The result that you see above is the information that we will be providing to our ggplot. Put another way, it is a manipulated (in this case, aggregated) slice of our original data.

The ggplot semantic is quite powerful, so we will start with a very basic example. With any ggplot, the first layer will include some information about how to map the data onto a coordinate plane (e.g., X and Y axes).

In our example, let’s go ahead and add our base layer by using the ggplot() function and setting the mapping attribute by using the aes() (aesthetic mappings) function. Within that aes() function, we will map the department variable onto the X axis and the mean_wages variable onto the Y axis. Here’s what that looks like now.

salaries %>%
  group_by(department) %>%
  summarize(median_wages=median(gross_wages)) %>%
  arrange(desc(median_wages)) %>% %>%
  head(5) %>%
  ggplot(aes(x=department, y=median_wages))

A seemingly empty ggplot

Notice that we have our five departments in the X axis and the correct range (lowest and highest values) of the salaries in the Y axis.
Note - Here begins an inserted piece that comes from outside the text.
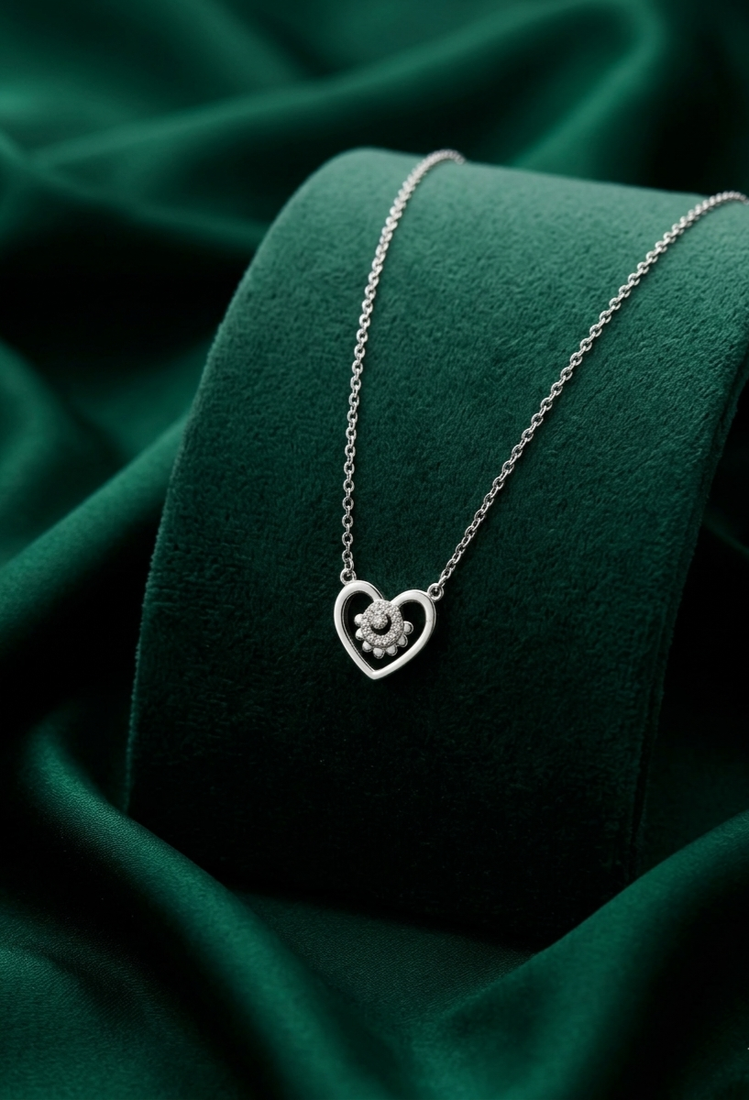| Product Name | 925 Sterling Silver Heart Pendant Necklace With Floral Sparkle Design For Women | |

However, for us to see the values for each department, we need to add a second layer containing some geometric shape that represent the data.

There are a lot of different geometric shapes you can add to your plot as additional layers (e.g., to create line charts, scatterplots, etc.). You can also re-label your axes and change their ranges by adding those functions as layers. You can also simply flip the bars to be horizontal by adding a coord_flip() layer.

For a simple vertical bar graph, we can use the geom_col() function. Let’s use that function by adding a second layer at the end of our code.

salaries %>%
  group_by(department) %>%
  summarize(median_wages=median(gross_wages)) %>%
  arrange(desc(median_wages)) %>% %>%
  head(5) %>%
  ggplot(aes(x=department, y=median_wages)) +
    geom_col()

A ggplot with columns

We could go on to style the visualization to look much nicer (including organizing the bars from high-to-low!), but simple visualizations like this will usually do the trick during the exploratory phase of data analysis.

Approaching a Question

When you start to answer the question you’ve posed the data, it is helpful to break up the question logically into multiple steps before you even write a single line of code.

For example, consider the question: Among the Police, Fire, and Public Works departments, which one had the highest median wage?

This question asks us to:

  • Include only certain kinds of observations (filter(), matching certain department criteria)

  • Apply an operation separately to each group (group_by(), using the department variable)

  • Calculate a summary statistic (summarize(), to get the median() value of the different gross_wages vectors)

  • Sort the information (arrange(), in descending (desc()) order by the median wage variable)

Now that we know the logic of the question, we can translate it into the code below.

salaries %>%
  filter(department == "Police Department" | department == "Fire Department" | department == "Public Works") %>%
  group_by(department) %>%
  summarize(median_wages=median(gross_wages)) %>%
  arrange(desc(median_wages))
department median_wages
Police Department 74225.32
Fire Department 62794.99
Public Works 57070.48

Do note that the order of operations really matters here. If we execute the summarize() line before group_by(), it won’t work because it will have calculated a summary statistic for the entire dataset — and not separate statistics for each group.

I strongly suggest executing your code every time you add a new line, just so you can see what each line is doing and where any errors are popping up.